Christoph Birkner: Hagiography and Autobiography in Cyril of Scythopolis

The hagiographical work of Cyril of Scythoplis (525-558) provides a combination of hagiographical and autobiographical elements, which constitute the author's profile amongst other monastic saint's Lives in Late Antiquity. Presenting himself as a monk and priest, whose literary work is dedicated to his spiritual father, the seven monastic biographies of the most important persons in the history of Palestinian desert monasticism contain theological profoundness. In terms of hagiographical narrative, this monastic self-presentation is spread over the hagiographical corpus and interweaved to its more hagiographical parts, that is, the monastic biographies. In addition, the author's monastic provenance and interest precedes the life-corpus in the shape of a prologue, which confirms the importance of this specific aspect of Cyril's monastic biographies.

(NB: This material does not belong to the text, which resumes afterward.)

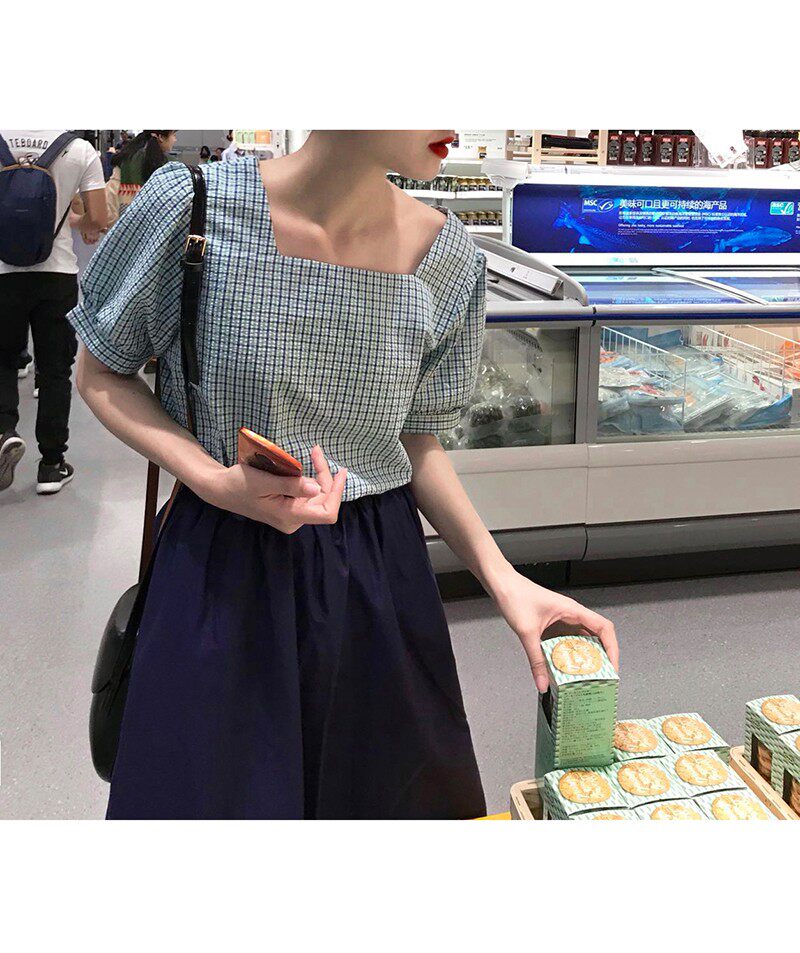 特价 衬衣褶皱短袖 清仓 新上衣韩版 T恤 原创复古格子夏季 洛边

Using a comparative approach, Cyril's monastic saint's Lives will be analysed in the context of other similar contemporary works, such as the anonymous Historia Monachorum in Aegypto (394), Palladius' Historia Lausiaca (419/420), Theodoret of Cyrus' Historia religiosa (393-466), and the Pratum spirituale of John Moschus (ca. 550-ca. 634), in order to elaborate the hagiographical profile of Cyril and its monastic tonality. Theological, philological and historical observations will be used to carve out the author's "hagiographical self-portrait".
The objective is to identify the hagiographical profile of Cyril as author and of his life-corpus, furthermore, to give insight into an aspect of Late Antique hagiography that has not received much scholarly attention, by means of considering an often neglected Christian author, who paradoxically wrote the most influential biographies of monastic saints in sixth century Palestine.